╔══
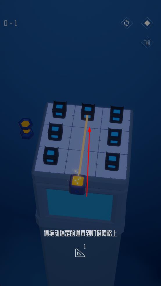 1、根据提示,拖动指定道具到灯塔的网格上,调整道具位置以构建光线路径。
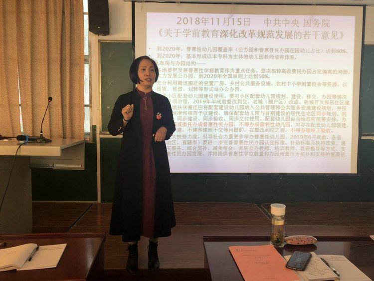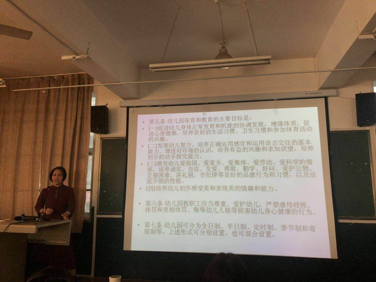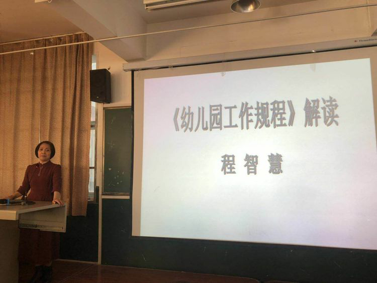 下午西安浐灞幼儿园程园长为我们作《幼儿园工作规程》的专题讲座。
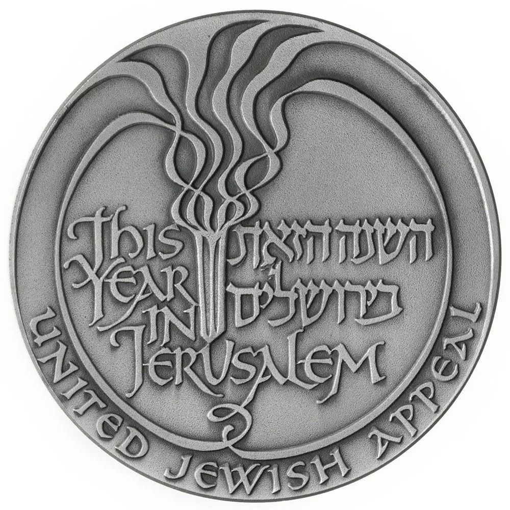 Опис: У центрі напис, що утворює полум'я факела: «Цього року в Єрусалимі» на івриті та англійською мовою. У нижній частині обідка англійською мовою «United Jewish Appeal» (Об'єднаний єврейський заклик).
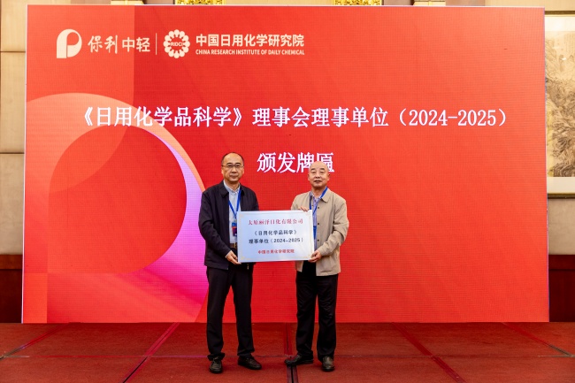 主持會(huì)議期間,《日用化學(xué)品科學(xué)》總編、中國(guó)日用化學(xué)研究院院長(zhǎng)耿濤向《日用化學(xué)品科學(xué)》理事會(huì)理事單位(2024-2025)頒發(fā)牌匾?!度沼没瘜W(xué)品科學(xué)》主編、中國(guó)日用化學(xué)研究院副院長(zhǎng)程寧向《日用化學(xué)品科學(xué)》編委頒發(fā)證書。
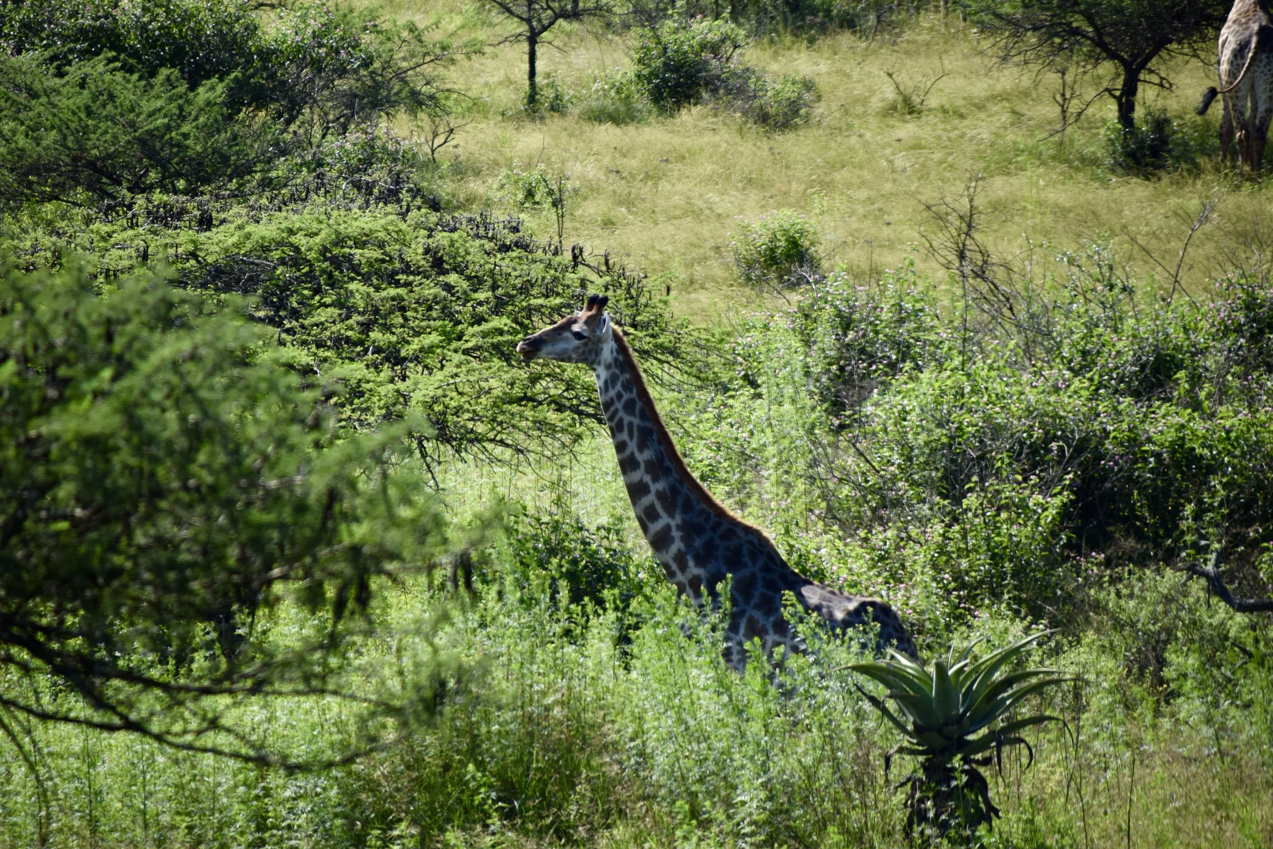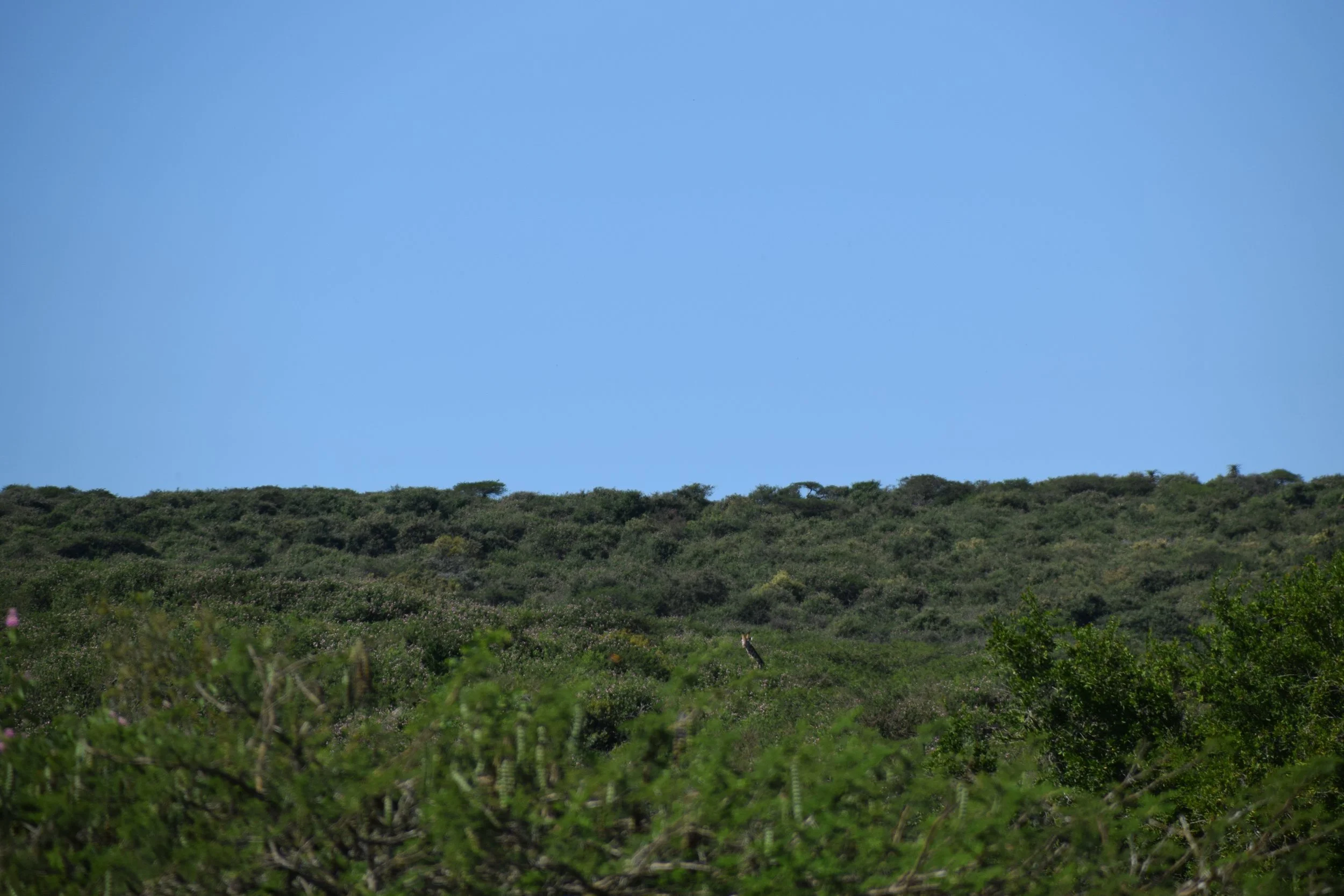 The other was giraffes. Our guide drove to all the acacia groves (their favourite snack) but there weren’t any hanging around. Giraffe hang out together when they want to, and wander around solo when they don’t. Perhaps the lack of sightings meant that if we find one, we’ll find more than one. The guide stopped and pointed to a ridge far away. Even with the zoom lens, it was hard to make out what we were seeing, but the guide said, “there’s one!”
╚══
Prompt: Please return the records above exactly as written, dropping every picture.

Result of this task:
 1、根据提示,拖动指定道具到灯塔的网格上,调整道具位置以构建光线路径。
 下午西安浐灞幼儿园程园长为我们作《幼儿园工作规程》的专题讲座。
 Опис: У центрі напис, що утворює полум'я факела: «Цього року в Єрусалимі» на івриті та англійською мовою. У нижній частині обідка англійською мовою «United Jewish Appeal» (Об'єднаний єврейський заклик).
 主持會(huì)議期間,《日用化學(xué)品科學(xué)》總編、中國(guó)日用化學(xué)研究院院長(zhǎng)耿濤向《日用化學(xué)品科學(xué)》理事會(huì)理事單位(2024-2025)頒發(fā)牌匾?!度沼没瘜W(xué)品科學(xué)》主編、中國(guó)日用化學(xué)研究院副院長(zhǎng)程寧向《日用化學(xué)品科學(xué)》編委頒發(fā)證書。
 The other was giraffes. Our guide drove to all the acacia groves (their favourite snack) but there weren’t any hanging around. Giraffe hang out together when they want to, and wander around solo when they don’t. Perhaps the lack of sightings meant that if we find one, we’ll find more than one. The guide stopped and pointed to a ridge far away. Even with the zoom lens, it was hard to make out what we were seeing, but the guide said, “there’s one!”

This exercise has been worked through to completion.